Naar aanleiding van het onderzoek van Pointer werd in oktober 2023 door de regio en toenmalig Staatssecretaris Hans Vijlbrief een plan opgesteld en ondertekend om alle mijnbouwschade aan te pakken. Onderdeel daarvan was het oprichten van een mijnbouwschadeloket, het Instituut Mens, Milieu en Mijn Limburg (I3ML).
"Voor de kleinere schades is er geen loket."
Dat loket had in 2024 moeten beginnen met herstelwerkzaamheden. Maar door een paar gebeurtenissen is dat nog steeds niet gebeurd. In eerste instantie stapte het kabinet Rutte IV op, met als gevolg dat er geen beslissingen meer zijn genomen over het loket. Daarna stonden nieuwe verkiezingen voor de deur. Het nieuwe kabinet, onder leiding van Dick Schoof, besloot vervolgens om het ministerie van Economische Zaken en Klimaat (EZK) te splitsen in twee nieuwe ministeries. Naast Economische Zaken (EZ) werd het ministerie voor Klimaat en Groene Groei (KGG) in het leven geroepen.
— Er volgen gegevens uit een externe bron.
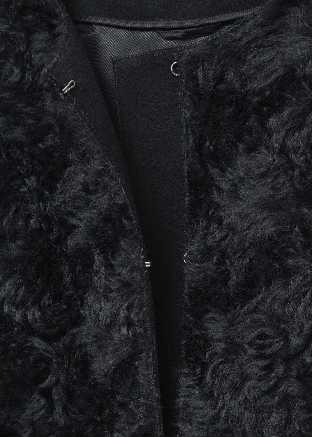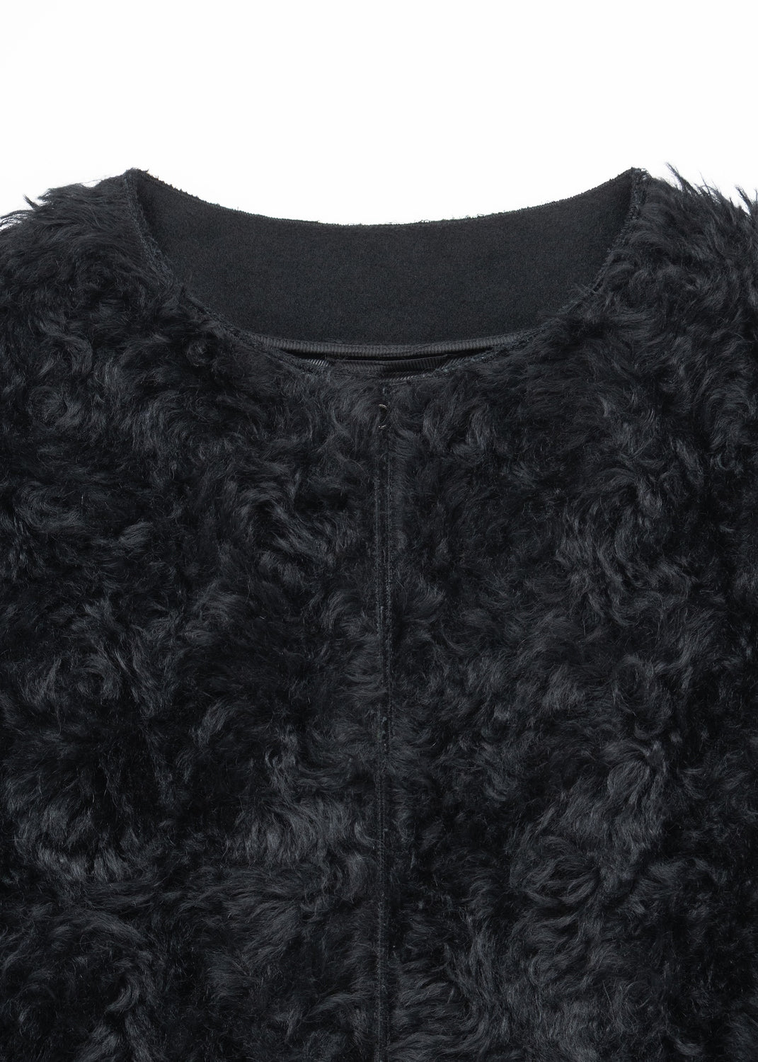 Round collar; curly mohair front

Het dossier mijnbouwschade Zuid-Limburg werd naar KGG overgeheveld en daarmee begon het lange wachten.
Huidig minister van KGG, Sophie Hermans (VVD) moet nog de knoop doorhakken over welke rechtsvorm het schadeloket moet krijgen, bijvoorbeeld een stichting of een zelfsturend bestuursorgaan. Hoewel dit al door toenmalig Staatssecretaris Hans Vijlbrief was besloten op advies van de kwartiermakers en het Calamiteitenfonds, wil de huidige minister zich er nogmaals over buigen.
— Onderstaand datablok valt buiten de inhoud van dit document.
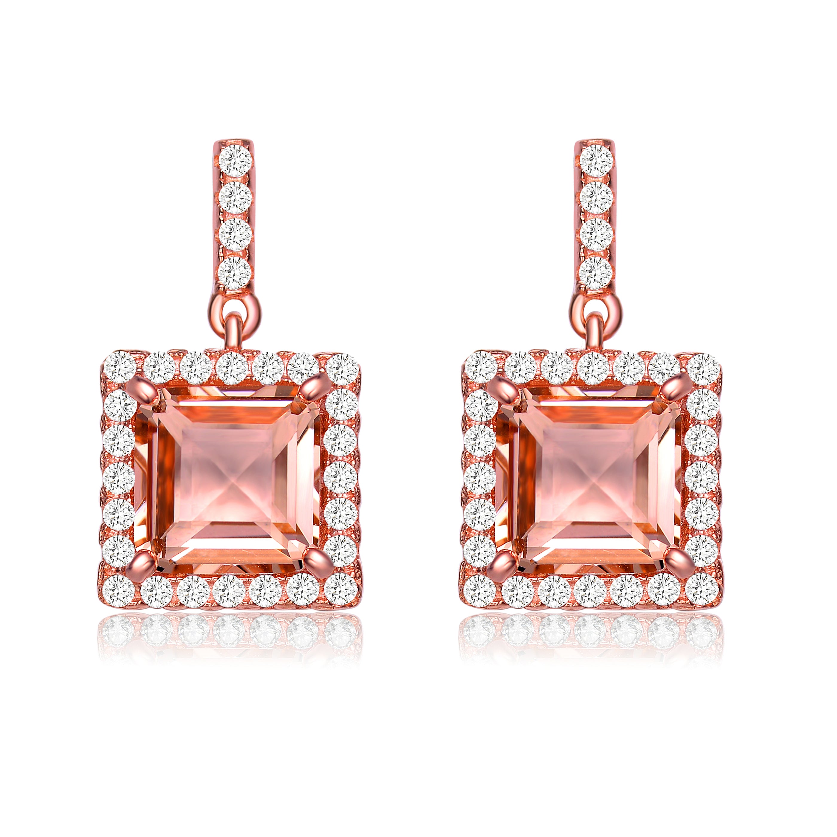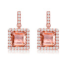 Be the definition of elegance when you own this 18K Rose Gold Plated overlay pair of earrings. A champagne colored evenly squared cubic zirconia is surrounded by clear cz's. Pulled back with Butterfly traditional backs to make them safe to wear, and hang around with these gifted earrings.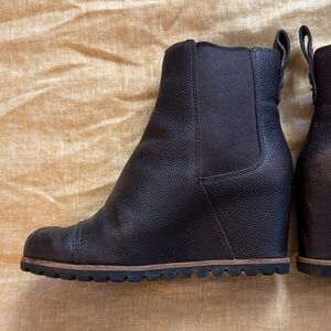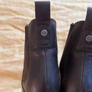 Ugg waterproof pax booties crafted of rich brown leather in good used condition, signs of use to note, scuffs, creasing as shown in pics and video.

Met tien mensen proefdraaien
Het heeft de regio allemaal lang genoeg geduurd. De gedupeerden van de tienduizend woningen willen graag een oplossing zien en de schade aan hun huis laten opknappen. Eind januari hebben gesprekken plaatsgevonden tussen minister Hermans en de regio, waar in ieder geval de gedeputeerde van de provincie Limburg, Elianne Demollin-Scheinders, bij aanwezig was. De gedeputeerde geeft aan dat in die gesprekken is besloten om met tien mensen met schade aan hun huis te proefdraaien met de schaderegeling. Minister Hermans hoopt binnenkort de Kamer te kunnen informeren, via een Kamerbrief.
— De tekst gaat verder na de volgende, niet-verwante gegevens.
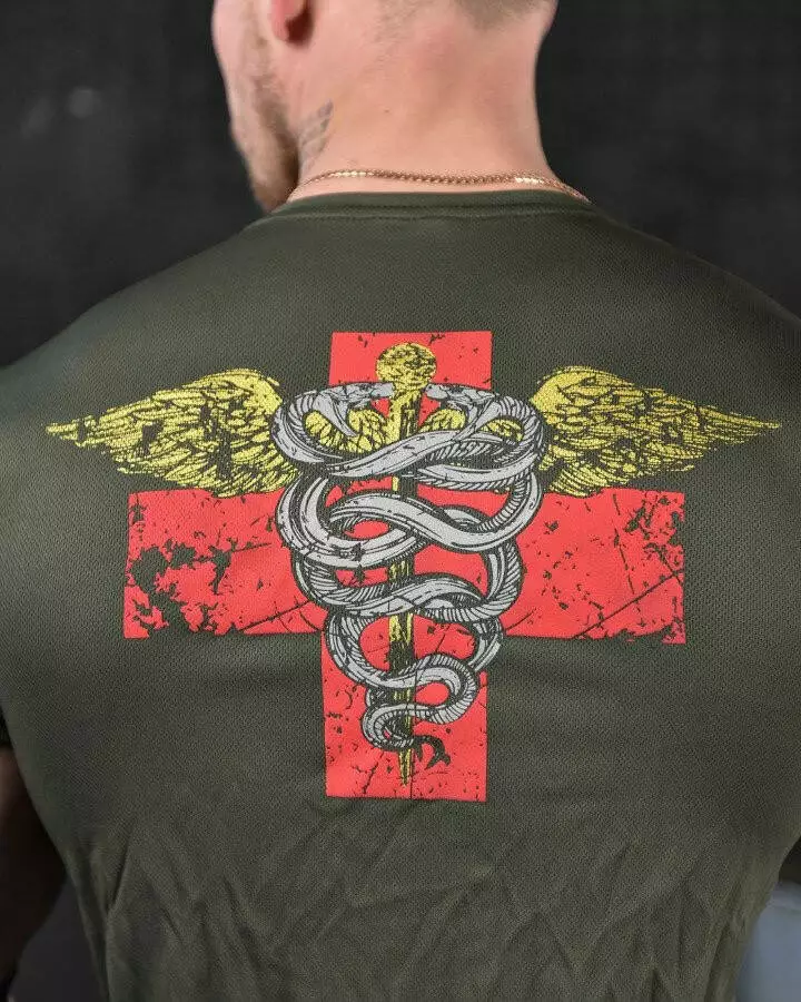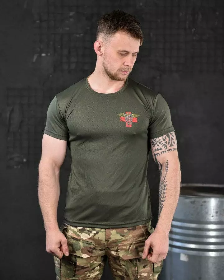 Футболка потовідвідна з принтом Coolmax олива

De voorzitter van het Calamiteitenfonds Jan de Wit vindt dat het allemaal lang genoeg heeft geduurd: "Het betekent dat we nog maandenlang moeten wachten. Het is eerder een belediging.”
Jan hoopt in ieder geval snel iets te kunnen laten doen aan zijn woning. Hij is blij dat er eindelijk ontwikkelingen zijn, maar heeft twijfels over hoe snel iedereen geholpen is. “Het lijkt erop dat het loket er komt, maar ik heb er een zwaar hoofd in hoe snel de politiek dit door gaat zetten.”
"Wij komen niet in aanmerking voor het Calamiteitenfonds."